Today marks my first month and 19th day since the motorcycle accident. I’ve had 21 surgical staples and 13 stitches on my left foot that underwent surgical debridement.

Life is unpredictable. We’ll never know what’s gonna happen next. Anything can change in a blink of an eye, in a snap of a finger. Our lives can turn upside down in a millisecond. Ironic at times. Full of surprises. Expect the unexpected.


3 days before the accident :(

Monday, 5am. I received a text message from Joaqui’s school service that he will not be able to fetch Joaqui for 2 weeks because he’s sick.

Okay, I’m doomed. I didn’t anticipate this since I’ve been caught up with loads of household works, my printing deadline, the demands in spreads, not to mention that my youngest Miguel is acting up in school and he doesn’t want me to leave. I also have a spine problem so I wasn’t allowed to carry anything heavy and has been told to avoid long walks.

I’m spending a couple of hours every week practicing to learn how to ride a motorcycle for a few weeks already and with my husband’s guidance, I’m doing great sabi nya.
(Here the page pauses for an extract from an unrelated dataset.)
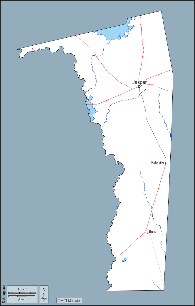 d-maps > संयुक्त राज्य > टेक्सास > जैस्पर काउंटी > बाह्यरेखा, जल-सर्वेक्षण, मुख्य शहरों, सड़कों, नाम

In a scale of 1 to 10, I am at 6 and I was really determined to get better and better everyday.

I decided to pursue to ride the motorcycle on my own because it would be more convenient for us especially now that I need to send and fetch Joaqui to and from school. I think I can, I’ve got a strong feeling that I can do it.
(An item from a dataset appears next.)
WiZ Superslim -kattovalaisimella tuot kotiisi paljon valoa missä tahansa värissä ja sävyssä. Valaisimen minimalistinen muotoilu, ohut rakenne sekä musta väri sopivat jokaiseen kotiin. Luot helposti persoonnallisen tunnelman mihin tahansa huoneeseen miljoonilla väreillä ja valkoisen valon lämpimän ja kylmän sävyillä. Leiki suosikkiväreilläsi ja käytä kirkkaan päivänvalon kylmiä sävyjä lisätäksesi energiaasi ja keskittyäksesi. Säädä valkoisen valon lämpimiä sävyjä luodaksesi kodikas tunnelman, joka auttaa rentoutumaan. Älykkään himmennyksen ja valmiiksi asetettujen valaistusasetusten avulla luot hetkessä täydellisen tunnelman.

November 20, 2017. Monday, 12:30pm. I tried to drive around the village on my own, without my husband on my back. I know I need to learn and I know I can. Okay, I am over-confident at times and I’ve got this attitude that if I really want something, I’ll do anything to get it. Go getter.

It is my first time to ride a motorcycle on my own. I’m wearing this half proud half nervous smile when I get the keys, get my phone, and start the engine. On the first 10 seconds of driving, I only got one thing in mind. I need to be good at it, I need to learn, because Joaqui needs me. This is gonna be the most convenient mode of transportation for the two of us.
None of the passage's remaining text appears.